California's Foreign Policy

Summary: 

California is the most populous state in the United States. Its gross economic product is seventh in the world, well ahead of China or Canada. Given its massive size and the fact that the export-driven sector is the only part of its economy that shows any potential for long-term growth, California is increasingly adopting its own foreign policy. In turn international economic trends are having strong regional effects from San Diego to San Francisco. At the center of this new interdependence lies the North American Free Trade Agreement and the pivotal bilateral tie between Mexico and California.

The World's Eighth-Largest Nation

Of course it seems absurd to think of a state having a foreign policy. "The Constitution," wrote the legal scholar Edward S. Corwin, "is an invitation to struggle for the privilege of directing American foreign policy." Corwin meant a struggle between the president and Congress, not between Washington and the states. The states look after the health, safety and welfare of their citizens; they do not make treaties, regulate commerce or declare wars.

But things have changed a lot since 1957, when Corwin wrote his study of the presidency, not to mention since 1787, when the Founding Fathers finished the constitution. In 1957 California, for example, had a population of about 13 million, still well behind New York. At the time, even 13 million was considered excessive because most of the people lived in Southern California, which has no indigenous water.

Today, with 31 million legal residents, California is by far the most populous state of the nation, with half again more people than New York. As an independent nation, California's gross economic product, at about $700 billion, would be eighth largest in the world, $100 billion ahead of China's, $200 billion ahead of Canada's. (With the Soviet collapse, California may be seventh.)

Los Angeles, which had 100,000 people at the turn of the last century, will have 4 million when this one turns. San Diego, just a town of 17,000 people in 1900, is today the nation's sixth-largest city, bigger than Dallas, Detroit or Baltimore, and larger still than the capitals of most countries.

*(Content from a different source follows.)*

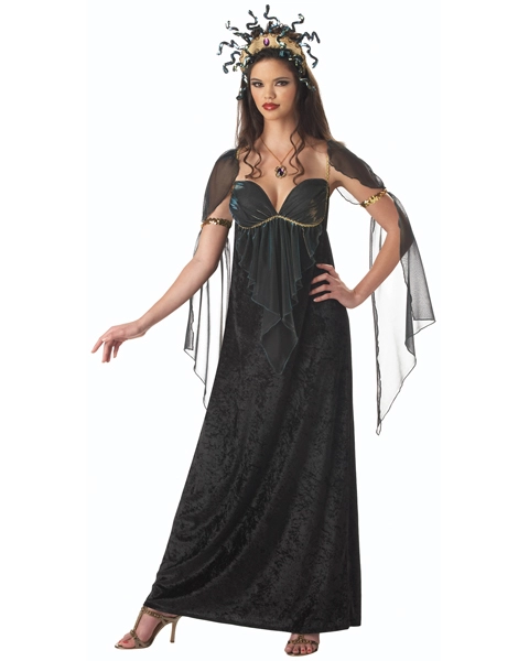 You may not turn anyone into stone, but you are sure to scare the living daylights out of everyone with this one-of-kind Premier Mythical Medusa costume exclusive to Wholesale Costume Club. This outfit features a creepy full length gown with gold accents for maximum scare value. There are accessories galore available with this scary outfit, as you can add a black wig that has the illusion of snakes in it. You can walk in monstrous style with a classy cobra cane, or scare everyone with rings and bracelets that are adorned with creepy crawly snakes. You can channel the ancient world and all its decadence with gold bangle bracelets that add the perfect touch. This is an excellent choice for a ladies outfit for Halloween, a frightening costume ball, as it is sure to send chills down the spine of the weak-hearted. Visit Wholesale Costume Club today and reserve your Medusa costume today.

California is in many ways not a state, but a nation. When the Great Compromise was reached, creating a U.S. Senate where each state would be equal, the Founding Fathers could not have envisaged that one day the nation's largest state would be 62 times more populous than the smallest (Wyoming). Further, that this behemoth would be in the far West, indifferent to the East's traditional European orientation, far removed from the nation's political and financial capitals, peopled nearly 50 percent by brown-skin minorities, whose roots and interests most often run, not eastward across the Atlantic, but southward toward Mexico and westward across the Pacific.